Neither Pressler nor any of the boots on the ground said their effort was unique or claimed to be doing something for the first time.

That argument from the Sun Editorial Staff is simply a strawman.

However, as the idea is not unique, and happens all the time, why didn’t the Baltimore Sun, the City and residents organize a neighborhood cleanup? Why weren’t the members of the Sun’s Staff and Editorial Board out there getting their hands dirty to make a community better?

If you are missing our point, while the Sun attacks the cleanup involving nearly 200 people from outside of the community as “nothing special,” the number of cleanups organized by the Baltimore Sun is less – much less – than one.

Sadly, it doesn’t take long for people (frequently from outside the community) to refill the alleyways with illegal dumping and for grass to grow again in front of vacant buildings with no resident available to tend the lawn.

Baltimore has a somewhat dysfunctional contact system with residents called “311.” You can call in, talk to a person and they will generate request to the appropriate department to address the issue. That’s the idea. So if people start dumping things back into the alley and the area, a call to 311 to have the City trash trucks come and remove the waste would solve the issue. It seems to us that the Sun is either implying the residents can’t dial a phone, the 311 system is horrible or the City doesn’t respond to issues.

As for the grass, we are certain that someone owns that vacant building. It is not free land. We would think that the City knows who owns the property. One of our friends up in Baltimore had a property next to them that was overgrown. The Code Enforcement Officer came out and looked at the property from the sidewalk and the adjacent property. When asked why they did not go onto the property, the response was “we aren’t allowed to go onto properties that appear to be in violation of City code.”


A few days later, a truck from the City rolled up, cut the grass and moved on. The owner of the property was sent a bill for $500 (yes, five HUNDRED dollars) and if they failed to pay, a lien is placed on the property. (They ended up paying.)

If there is trash and grass in front of vacant properties is an issue, there are steps that can be taken to alleviate the issue despite the Sun’s excuses and desire to attack those who helped rather than those who stood by and did nothing.
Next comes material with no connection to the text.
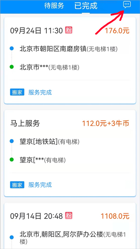 司机用户们要以打开并登录蓝犀牛搬家司机端后进入订单页面中,将页面切换至已完成的拢岸同中点击右上角的消息管理按钮(下图红色箭头所指)

We also hope Mr. Presler keeps his promise to return to Baltimore once a month. It would definitely give his motives more credibility. It might also give him better perspective about the city’s problems than any single visit can provide. Maybe it could even lead him and his followers to advocate for federal housing, health care, transportation, education, criminal justice, civil rights and anti-poverty policies aimed at urban communities.

We don’t think that the people who helped clean up the community – who did what residents, the City and the staff of the Baltimore Sun failed to do – are responsible for any of the issues that the Sun lists. In fact, a case can be made that the issues they list are all failure of the City government and the residents.
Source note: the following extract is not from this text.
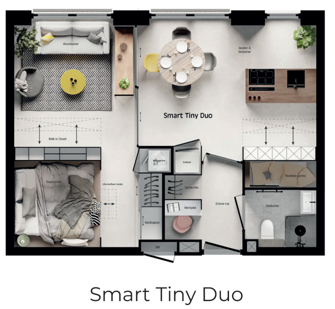 Dankzij het Smart Inbouwpakket, bieden de Smart Tiny Single (circa 27 m² gbo) en de Smart Tiny Duo (circa 50 m² gbo) een premium wooncomfort. Met een A+++ label belooft dit unieke project groots wonen op kleine (duurzame) voet.

In the meantime, we’ll see how clean the neighborhood still is when he returns in September.

Typical. If the area is not clean, it is the responsibility of those who cleaned it in the first place and not the responsibility of the residents in the area and the City to keep it clean.

In the world of the Baltimore Sun, it is always someone else’s fault. It is always someone else’s job. It is always someone else’s responsibility.

We are stunned, but not terribly surprised, that the Sun attacked the people who did what they would not do. That attack is wrong in every moral sense, but when it comes to the Baltimore Sun, like many other news outlets, “morals” is a word that is not in their lexicon.

One Response to “Baltimore Sun Attacks Clean Up Effort.”

  1. Percy Veer says:

    Kudos to Mr. Presley, he sets a good example for all of us (both left and right). I imagine this article would have had a slightly different slant if Corey Booker or Kamala Harris had led the cleanup. Another example of the bias in the mainstream media. Regardless of political leanings shouldn’t this cleanup effort have received rave reviews by the local media (if they were honest and truly cared about their city).